● **Task details**: Omit all pictures and transcribe only the lines in the entries below that run from the line with "2.产品采用2.4G私有协议" through the line with "Biurko niemieckiej firmy".

● **Records supplied**:
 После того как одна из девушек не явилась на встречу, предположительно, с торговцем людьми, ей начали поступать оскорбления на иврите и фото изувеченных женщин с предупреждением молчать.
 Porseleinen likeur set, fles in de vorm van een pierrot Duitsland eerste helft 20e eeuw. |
==
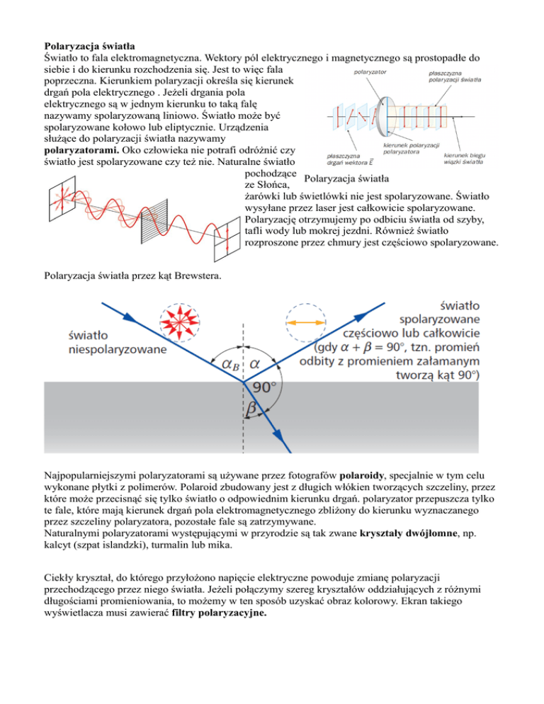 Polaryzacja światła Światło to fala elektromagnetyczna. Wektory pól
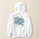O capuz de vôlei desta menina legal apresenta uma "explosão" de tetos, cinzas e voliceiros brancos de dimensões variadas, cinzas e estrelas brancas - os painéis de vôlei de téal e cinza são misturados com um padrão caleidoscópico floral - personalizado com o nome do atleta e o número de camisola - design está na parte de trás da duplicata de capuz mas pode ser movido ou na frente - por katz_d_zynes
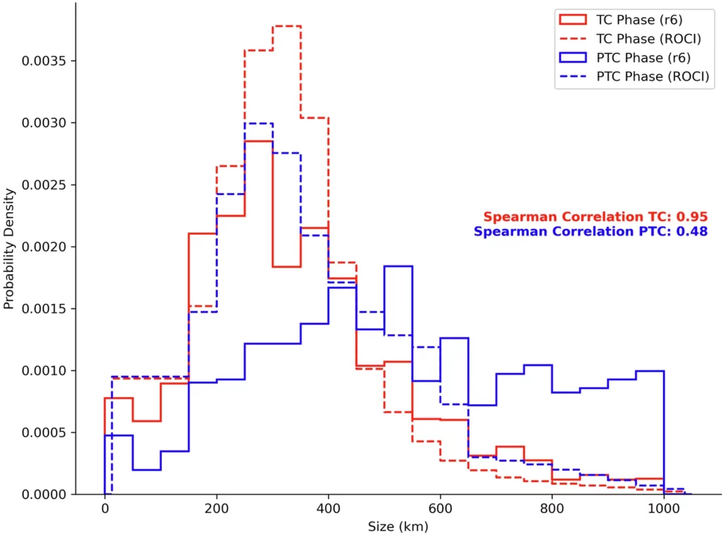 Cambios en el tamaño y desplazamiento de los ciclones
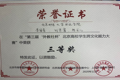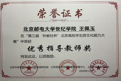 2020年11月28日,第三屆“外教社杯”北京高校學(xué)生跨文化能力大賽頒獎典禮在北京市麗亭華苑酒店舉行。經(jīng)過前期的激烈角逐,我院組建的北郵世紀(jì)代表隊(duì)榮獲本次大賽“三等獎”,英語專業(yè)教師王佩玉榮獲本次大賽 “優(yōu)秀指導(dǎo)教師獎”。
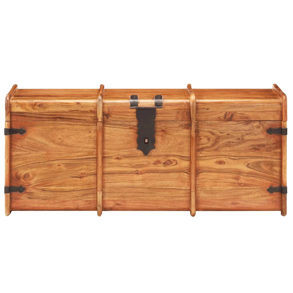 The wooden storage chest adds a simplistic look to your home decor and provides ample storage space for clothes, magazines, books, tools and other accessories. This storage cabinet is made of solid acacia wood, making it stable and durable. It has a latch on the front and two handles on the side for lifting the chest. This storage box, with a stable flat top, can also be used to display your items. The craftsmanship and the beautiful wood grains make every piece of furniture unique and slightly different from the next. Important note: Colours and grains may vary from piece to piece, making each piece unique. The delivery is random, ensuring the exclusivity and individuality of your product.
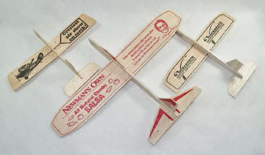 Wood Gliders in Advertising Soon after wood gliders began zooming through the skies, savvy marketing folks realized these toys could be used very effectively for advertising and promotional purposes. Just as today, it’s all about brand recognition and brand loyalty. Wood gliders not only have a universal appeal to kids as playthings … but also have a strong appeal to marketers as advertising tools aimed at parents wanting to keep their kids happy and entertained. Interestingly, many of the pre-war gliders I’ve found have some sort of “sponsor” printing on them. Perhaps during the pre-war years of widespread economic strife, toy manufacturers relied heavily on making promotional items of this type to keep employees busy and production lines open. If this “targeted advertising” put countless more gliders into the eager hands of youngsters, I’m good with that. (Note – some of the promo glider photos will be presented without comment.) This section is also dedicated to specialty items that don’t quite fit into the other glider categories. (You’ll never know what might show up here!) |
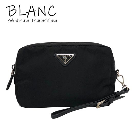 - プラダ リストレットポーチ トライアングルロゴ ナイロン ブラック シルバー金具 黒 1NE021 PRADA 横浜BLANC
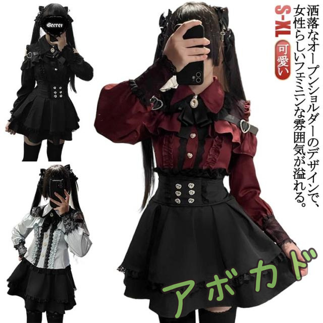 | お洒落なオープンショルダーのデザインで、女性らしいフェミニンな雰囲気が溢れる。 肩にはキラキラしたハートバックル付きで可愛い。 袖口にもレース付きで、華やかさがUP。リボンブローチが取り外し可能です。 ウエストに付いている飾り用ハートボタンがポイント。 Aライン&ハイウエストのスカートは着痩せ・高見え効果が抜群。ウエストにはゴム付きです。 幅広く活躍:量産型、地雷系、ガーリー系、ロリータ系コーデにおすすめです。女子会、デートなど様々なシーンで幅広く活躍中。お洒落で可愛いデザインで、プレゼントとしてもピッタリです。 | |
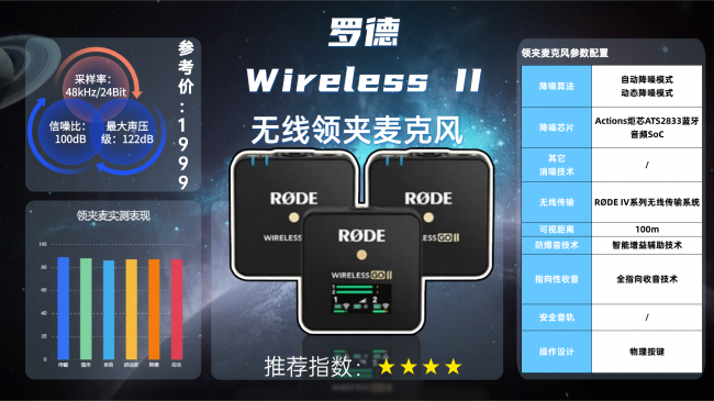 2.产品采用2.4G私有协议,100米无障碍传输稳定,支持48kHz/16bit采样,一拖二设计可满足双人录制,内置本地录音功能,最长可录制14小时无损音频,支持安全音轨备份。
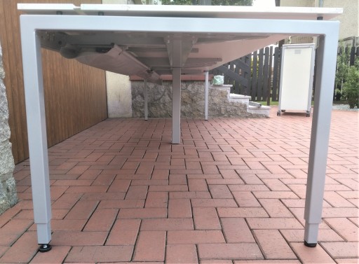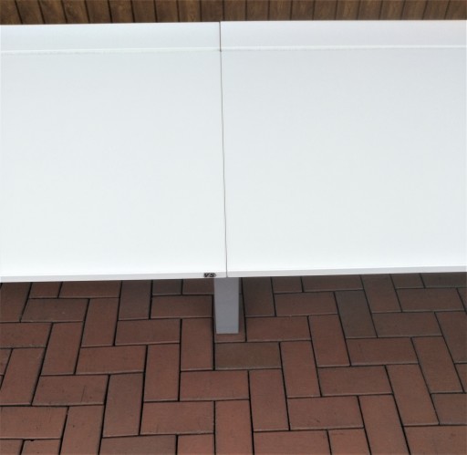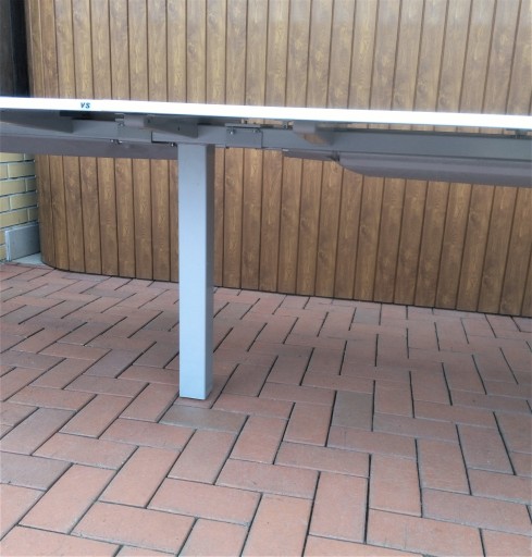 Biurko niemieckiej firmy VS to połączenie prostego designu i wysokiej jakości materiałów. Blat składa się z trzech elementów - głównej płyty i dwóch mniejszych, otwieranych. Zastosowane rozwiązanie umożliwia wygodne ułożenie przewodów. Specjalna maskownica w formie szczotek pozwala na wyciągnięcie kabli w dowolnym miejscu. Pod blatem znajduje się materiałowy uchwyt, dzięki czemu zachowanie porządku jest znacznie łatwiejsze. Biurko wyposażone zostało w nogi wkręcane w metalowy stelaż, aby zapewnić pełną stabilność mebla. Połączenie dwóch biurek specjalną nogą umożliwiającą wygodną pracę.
...
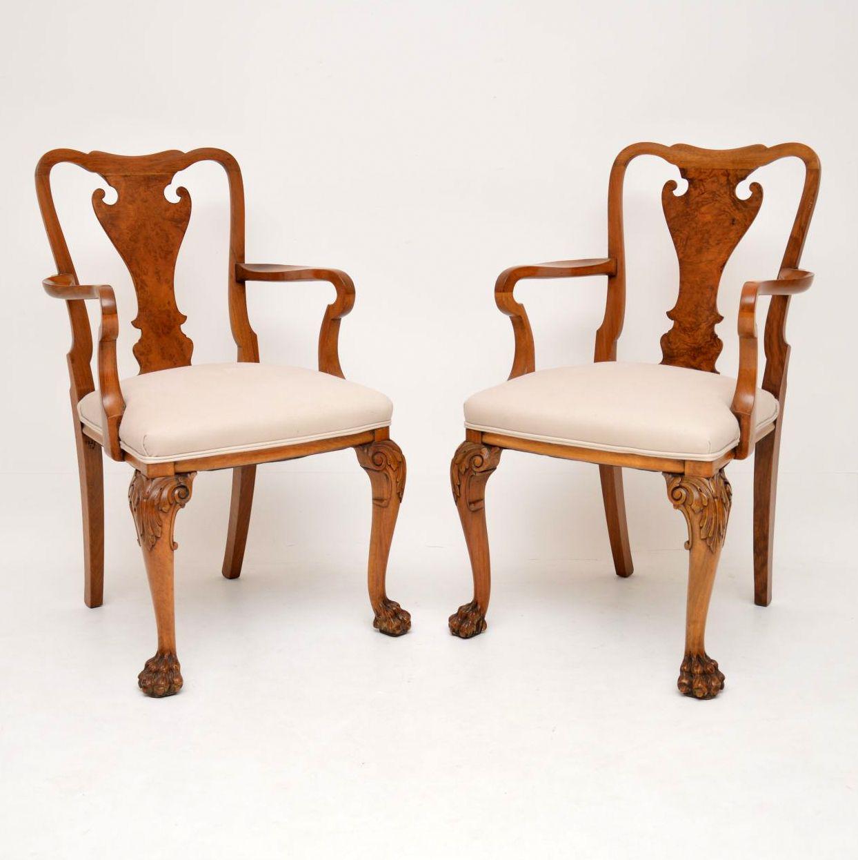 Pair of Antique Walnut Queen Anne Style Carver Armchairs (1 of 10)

● **Written response**:
 2.产品采用2.4G私有协议,100米无障碍传输稳定,支持48kHz/16bit采样,一拖二设计可满足双人录制,内置本地录音功能,最长可录制14小时无损音频,支持安全音轨备份。
 Biurko niemieckiej firmy VS to połączenie prostego designu i wysokiej jakości materiałów. Blat składa się z trzech elementów - głównej płyty i dwóch mniejszych, otwieranych. Zastosowane rozwiązanie umożliwia wygodne ułożenie przewodów. Specjalna maskownica w formie szczotek pozwala na wyciągnięcie kabli w dowolnym miejscu. Pod blatem znajduje się materiałowy uchwyt, dzięki czemu zachowanie porządku jest znacznie łatwiejsze. Biurko wyposażone zostało w nogi wkręcane w metalowy stelaż, aby zapewnić pełną stabilność mebla. Połączenie dwóch biurek specjalną nogą umożliwiającą wygodną pracę.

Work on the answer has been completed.